How to create Target Encoding or Mean Encoding in R?

r
target_encoding

#1

In recent Analytics Vidhya Hackathon, I have come to know this Concept Called Target Encoding for handling categorical variables having too many levels (Ex ZIP code, Phone Number). I want to implement this in R but I couldn’t get any leads in Google. Can anybody help me building this in R with CV.?


#2

Hi @Satish_Chilloji, Target Encoding is used when we have to encode a categorical variable which suffers from high cardinality, i.e., too many levels.

Suppose you have a ZIP code feature with 100 levels in your data, and the target variable is continuous. You can create a lookup table by grouping the ZIP code variable and take the group-wise mean of the target variable. Now you can use this lookup table to replace the levels with the calculated mean of target variable, in the ZIP code feature in the original dataset.

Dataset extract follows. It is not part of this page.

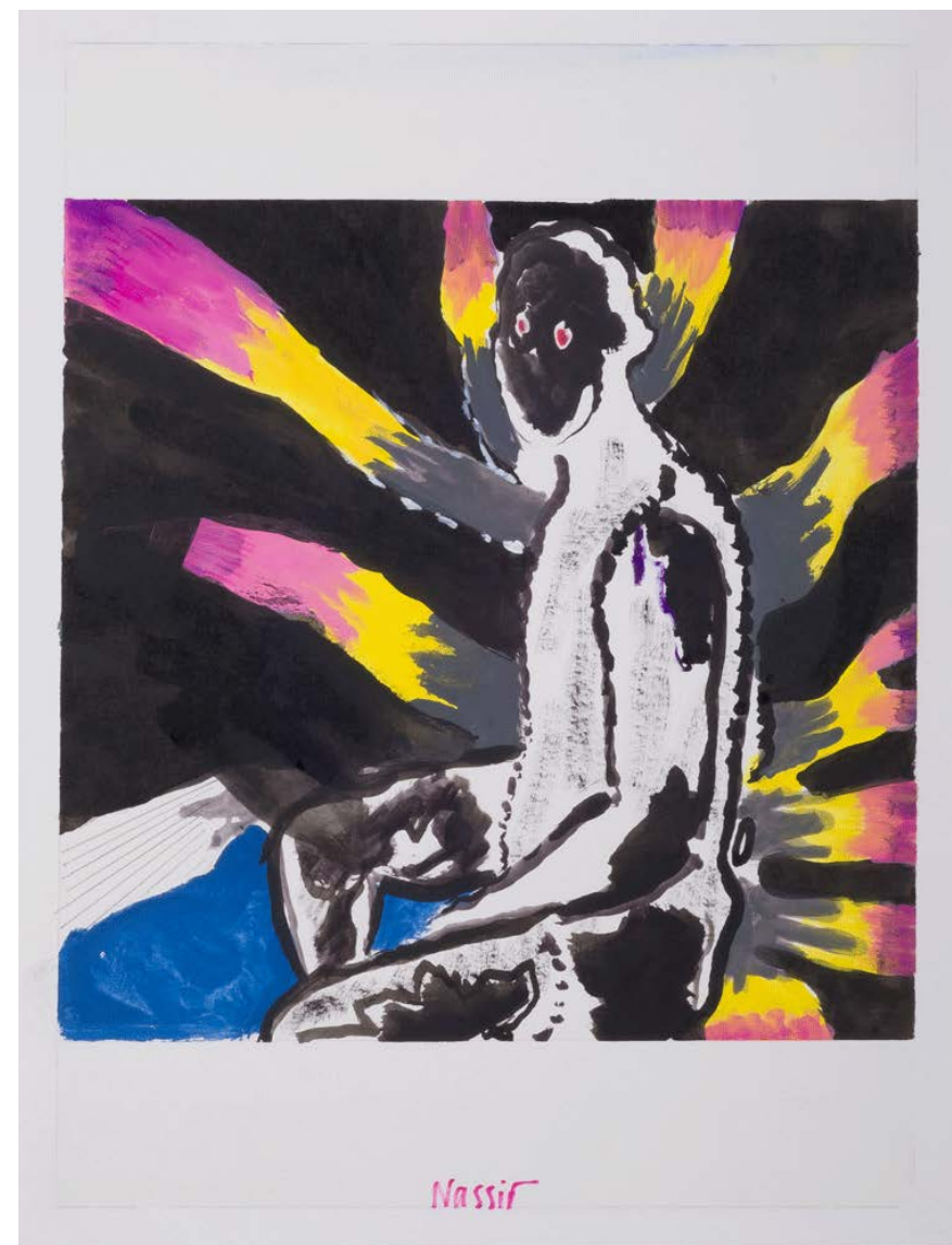
Untitled Mixed media on paper 40x30 cm Undated

You can refer the following sample code to understand the concept.

library(dplyr)

# creating a dummy dataset
data = data.frame(ZIP_CODE = c("110001", "110003", "110021", "110003", "110001", "110021"),
                  Target = c(23,34,56,78,33,65))

data # print data

ZIP_CODE Target
1 110001 23
2 110003 34
3 110021 56
4 110003 78
5 110001 33
6 110021 65

# creating a lookup table
lookup = data %>%
  group_by(ZIP_CODE) %>%
  summarise(mean_target = mean(Target))

lookup # print lookup data

# A tibble: 3 x 2
ZIP_CODE mean_target
<fct> <dbl>
110001 28.0
110003 56.0
110021 60.5

# adding mean target values from the lookup table to the original data
data = left_join(data, lookup)
data # print data with encoded ZIP_CODE
ZIP_CODE Target mean_target
110001 23 28
110003 34 56
110021 56 60.5
110003 78 56
110001 33 28
110021 65 60.5

mean_target is the encoded form of the ZIP_CODE.


#3

That’s very clean example to understand, Thank you Joshi.
I have following few questions before building this.

  1. Let’s say I have built the target coding on the training data set for the ZIP code and we will map this values on the test data set ZIP code as we don’t have the Target for Test, let me know I am correct? If so how to handle unseen levels (example new ZIP code 110022) in Test data that we haven’t come across training data set?

2)If we simply replace ZIP code with ZIP code target encoding value will it cause overfitting ?.
I have gone through below article from kaggle the code is written in python(hard to understand for me), They have done cross-validation to overcome overfitting.
https://www.kaggle.com/tnarik/likelihood-encoding-of-categorical-features/notebook

Let me know your thoughts.